> **EXERCISE DETAILS**
Every line of the listing below from the one with "Bloomingville Behälter mit" up to and including the one with "為了方便大家對(duì)h型" should be retyped exactly, and nothing else; pictures are not part of the copy.
═════ SUPPLIED ENTRIES ═════
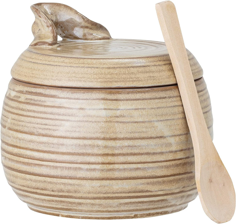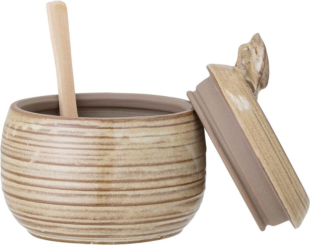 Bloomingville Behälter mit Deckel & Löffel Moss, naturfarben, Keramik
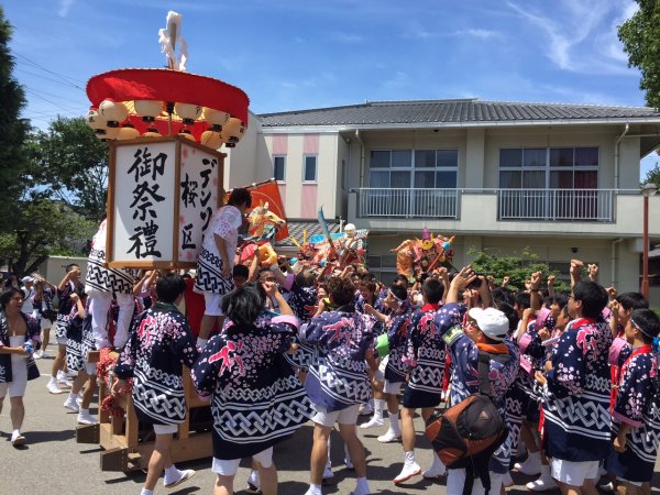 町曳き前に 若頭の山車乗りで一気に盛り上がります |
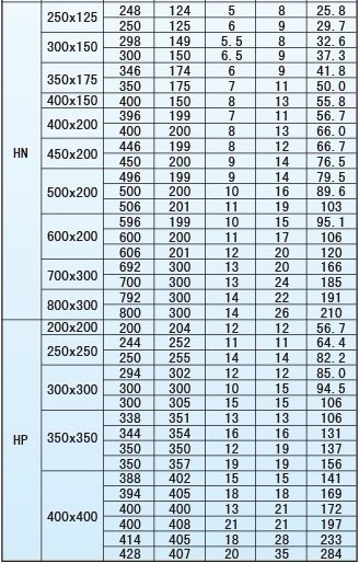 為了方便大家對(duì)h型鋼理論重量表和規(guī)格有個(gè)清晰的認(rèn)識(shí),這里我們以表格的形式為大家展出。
═════
═════ SUPPLIED ENTRIES ═════
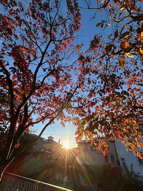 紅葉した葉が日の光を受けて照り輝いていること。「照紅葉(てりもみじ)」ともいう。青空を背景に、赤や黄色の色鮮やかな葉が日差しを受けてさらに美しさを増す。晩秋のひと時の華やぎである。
═════
═════ SUPPLIED ENTRIES ═════
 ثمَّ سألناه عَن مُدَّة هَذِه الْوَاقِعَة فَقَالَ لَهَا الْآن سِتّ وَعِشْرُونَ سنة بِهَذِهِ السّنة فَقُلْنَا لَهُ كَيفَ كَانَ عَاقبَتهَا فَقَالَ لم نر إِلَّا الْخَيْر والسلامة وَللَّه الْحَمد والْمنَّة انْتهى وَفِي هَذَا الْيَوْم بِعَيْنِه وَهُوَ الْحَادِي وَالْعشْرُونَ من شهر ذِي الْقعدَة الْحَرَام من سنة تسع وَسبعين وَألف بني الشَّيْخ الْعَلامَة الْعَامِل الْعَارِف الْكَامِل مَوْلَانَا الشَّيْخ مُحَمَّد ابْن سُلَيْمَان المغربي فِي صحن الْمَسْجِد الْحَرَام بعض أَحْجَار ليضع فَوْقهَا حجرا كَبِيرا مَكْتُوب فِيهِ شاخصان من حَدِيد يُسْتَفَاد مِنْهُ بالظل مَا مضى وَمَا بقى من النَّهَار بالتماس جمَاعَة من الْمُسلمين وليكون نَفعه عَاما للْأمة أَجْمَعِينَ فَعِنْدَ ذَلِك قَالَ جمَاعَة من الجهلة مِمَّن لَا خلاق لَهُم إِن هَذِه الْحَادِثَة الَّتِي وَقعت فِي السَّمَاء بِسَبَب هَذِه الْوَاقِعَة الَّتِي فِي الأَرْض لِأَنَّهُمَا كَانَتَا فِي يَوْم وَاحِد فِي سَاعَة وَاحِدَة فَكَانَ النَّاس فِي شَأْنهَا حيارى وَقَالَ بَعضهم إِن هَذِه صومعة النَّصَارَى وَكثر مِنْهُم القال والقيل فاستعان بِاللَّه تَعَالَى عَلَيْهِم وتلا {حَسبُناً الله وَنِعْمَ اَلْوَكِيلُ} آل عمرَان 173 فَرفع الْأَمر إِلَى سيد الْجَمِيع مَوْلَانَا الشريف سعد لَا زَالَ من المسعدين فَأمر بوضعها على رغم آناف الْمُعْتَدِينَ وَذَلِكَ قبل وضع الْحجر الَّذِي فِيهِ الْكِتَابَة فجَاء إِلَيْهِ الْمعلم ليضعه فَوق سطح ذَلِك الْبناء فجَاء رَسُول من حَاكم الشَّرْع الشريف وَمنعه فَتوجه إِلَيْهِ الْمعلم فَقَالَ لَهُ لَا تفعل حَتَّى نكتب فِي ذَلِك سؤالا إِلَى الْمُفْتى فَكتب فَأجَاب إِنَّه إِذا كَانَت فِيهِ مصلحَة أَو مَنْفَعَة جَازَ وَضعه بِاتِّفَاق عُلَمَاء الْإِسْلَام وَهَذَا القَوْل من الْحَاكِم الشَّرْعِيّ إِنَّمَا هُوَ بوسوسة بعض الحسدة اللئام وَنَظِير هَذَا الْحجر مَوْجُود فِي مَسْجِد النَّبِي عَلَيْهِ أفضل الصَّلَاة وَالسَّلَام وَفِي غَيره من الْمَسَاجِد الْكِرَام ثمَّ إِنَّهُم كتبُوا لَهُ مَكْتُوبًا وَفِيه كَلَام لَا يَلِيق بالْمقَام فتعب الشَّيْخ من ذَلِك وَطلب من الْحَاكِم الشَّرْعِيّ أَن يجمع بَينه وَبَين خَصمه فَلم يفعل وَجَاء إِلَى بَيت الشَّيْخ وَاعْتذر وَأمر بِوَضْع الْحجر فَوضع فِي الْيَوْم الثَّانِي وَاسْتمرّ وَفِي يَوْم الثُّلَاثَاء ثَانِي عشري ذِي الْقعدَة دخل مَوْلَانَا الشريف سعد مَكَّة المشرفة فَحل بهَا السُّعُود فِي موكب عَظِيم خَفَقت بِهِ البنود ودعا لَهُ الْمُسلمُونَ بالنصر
═════
> **COMPLETED EXERCISE**
 Bloomingville Behälter mit Deckel & Löffel Moss, naturfarben, Keramik
 町曳き前に 若頭の山車乗りで一気に盛り上がります |
 為了方便大家對(duì)h型鋼理論重量表和規(guī)格有個(gè)清晰的認(rèn)識(shí),這里我們以表格的形式為大家展出。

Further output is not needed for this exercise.